Saya penasaran apakah ada di antara mereka yang pernah memikirkan tentang Allah.
Kadang-kadang, hidup dapat terasa mencekik seperti kurungan empat tembok dalam ruangan rumah sakit. Kita menghabiskan hidup kita membangun “tembok”. Kita mengejar impian dan keberhasilan dunia. Tetapi pada akhirnya, kadang-kadang tembok yang kita kira akan melindungi diri kita, pada akhirnya menjadi tembok-tembok yang mengurung kita menuju keputusasaan.
Apakah nilai pengharapan?
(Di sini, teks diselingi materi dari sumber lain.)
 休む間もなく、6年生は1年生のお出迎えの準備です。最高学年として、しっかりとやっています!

Pernahkah Anda merenungkan tentang apakah yang ada di luar tembok-tembok dunia ini?
“Karena Dialah damai sejahtera kita, yang telah mempersatukan kedua pihak dan yang telah merubuhkan tembok pemisah.” (Ef. 2:14)
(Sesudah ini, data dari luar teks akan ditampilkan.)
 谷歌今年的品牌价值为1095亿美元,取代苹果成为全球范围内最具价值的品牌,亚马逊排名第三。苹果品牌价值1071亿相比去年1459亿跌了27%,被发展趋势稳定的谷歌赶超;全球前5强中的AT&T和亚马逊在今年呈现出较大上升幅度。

Oleh karena kasih-Nya yang ajaib, Allah mengutus Anak-Nya, Yesus Kristus, untuk disalibkan agar melalui kematian-Nya, Ia mendobrak tembok pemisah antara kita dengan Allah.
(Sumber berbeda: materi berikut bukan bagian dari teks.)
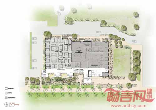 中心新正门设有景观庭院和遮阳门廊,欢迎顾客的到来。增建部分的其他区域与原有设施的尺度相称,采用了类似于原有建筑的材料,形成完整统一的整体形象。
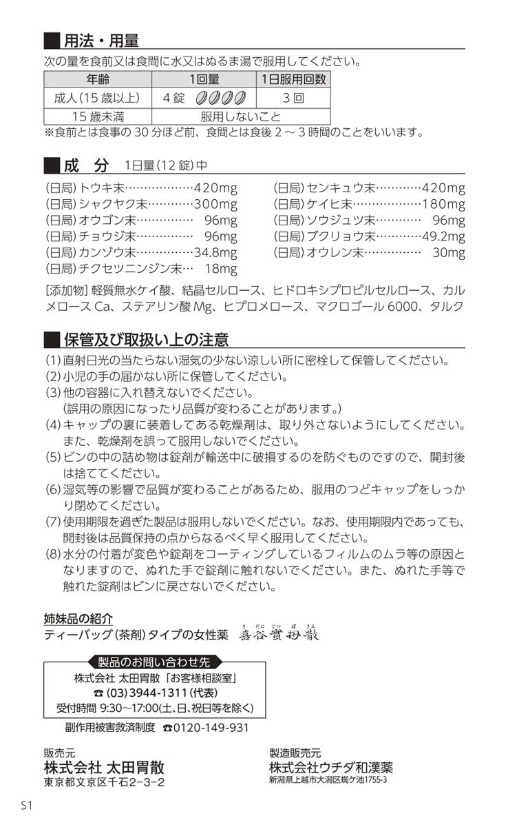 | 1日量(12錠)中 (日局)トウキ末:420mg (日局)センキュウ末:420mg (日局)シャクヤク末:300mg (日局)ケイヒ末:180mg (日局)オウゴン末:96mg (日局)ソウジュツ末:96mg (日局)チョウジ末:96mg (日局)ブクリョウ末:49.2mg (日局)カンゾウ末:34.8mg (日局)オウレン末:30mg (日局)チクセツニンジン末:18mg 添加物:軽質無水ケイ酸、結晶セルロース、ヒドロキシプロピルセルロース、カルメロースCa、ステアリン酸Mg、ヒプロメロース、マクロゴール6000、タルク |

“Karena begitu besar kasih Allah akan dunia ini, sehingga Ia telah mengaruniakan Anak-Nya yang tunggal, supaya setiap orang yang percaya kepada-Nya tidak binasa, melainkan beroleh hidup yang kekal.” (Yoh. 3:16)
Kalau kita menaruh pengharapan dan iman kita pada janji-Nya akan dunia yang lebih baik di luar dari dunia yang sekarang ini kita diami, kita akan mendapatkan damai sejahtera di hati kita, sehingga baik maut ataupun penderitaan hidup ini tidak lagi menakutkan bagi kita.
“Siapakah yang akan memisahkan kita dari kasih Kristus? Penindasan atau kesesakan atau penganiayaan, atau kelaparan atau ketelanjangan, atau bahaya, atau pedang? Sebab aku yakin, bahwa baik maut, maupun hidup, baik malaikat-malaikat, maupun pemerintah-pemerintah, baik yang ada sekarang, maupun yang akan datang, atau kuasa-kuasa, baik yang di atas, maupun yang di bawah, ataupun sesuatu makhluk lain, tidak akan dapat memisahkan kita dari kasih Allah, yang ada dalam Kristus Yesus, Tuhan kita.” (Rm. 8:35, 38-39)
Apabila kita menyadari bahwa umur hidup kita di bumi paling-paling tujuh puluh atau delapan puluh tahun, mengapa beberapa orang dapat menerimanya dengan penuh keyakinan? Mereka menerimanya, karena mereka mempunyai pengharapan akan sesuatu yang lebih baik; mereka menyadari bahwa akhir jalan hidup di dunia ini adalah awal mula hidup yang baru – di mana kita dapat memulai hari yang baru bersama Dia yang mengasihi kita.
“Dan Ia akan menghapus segala air mata dari mata mereka, dan maut tidak akan ada lagi; tidak akan ada lagi perkabungan, atau ratap tangis, atau dukacita, sebab segala sesuatu yang lama itu telah berlalu.” (Why. 21:4)
Saya pikir, Robert mempunyai gagasan yang benar – ia mengharapkan sesuatu yang lebih baik; yaitu pulang ke rumah.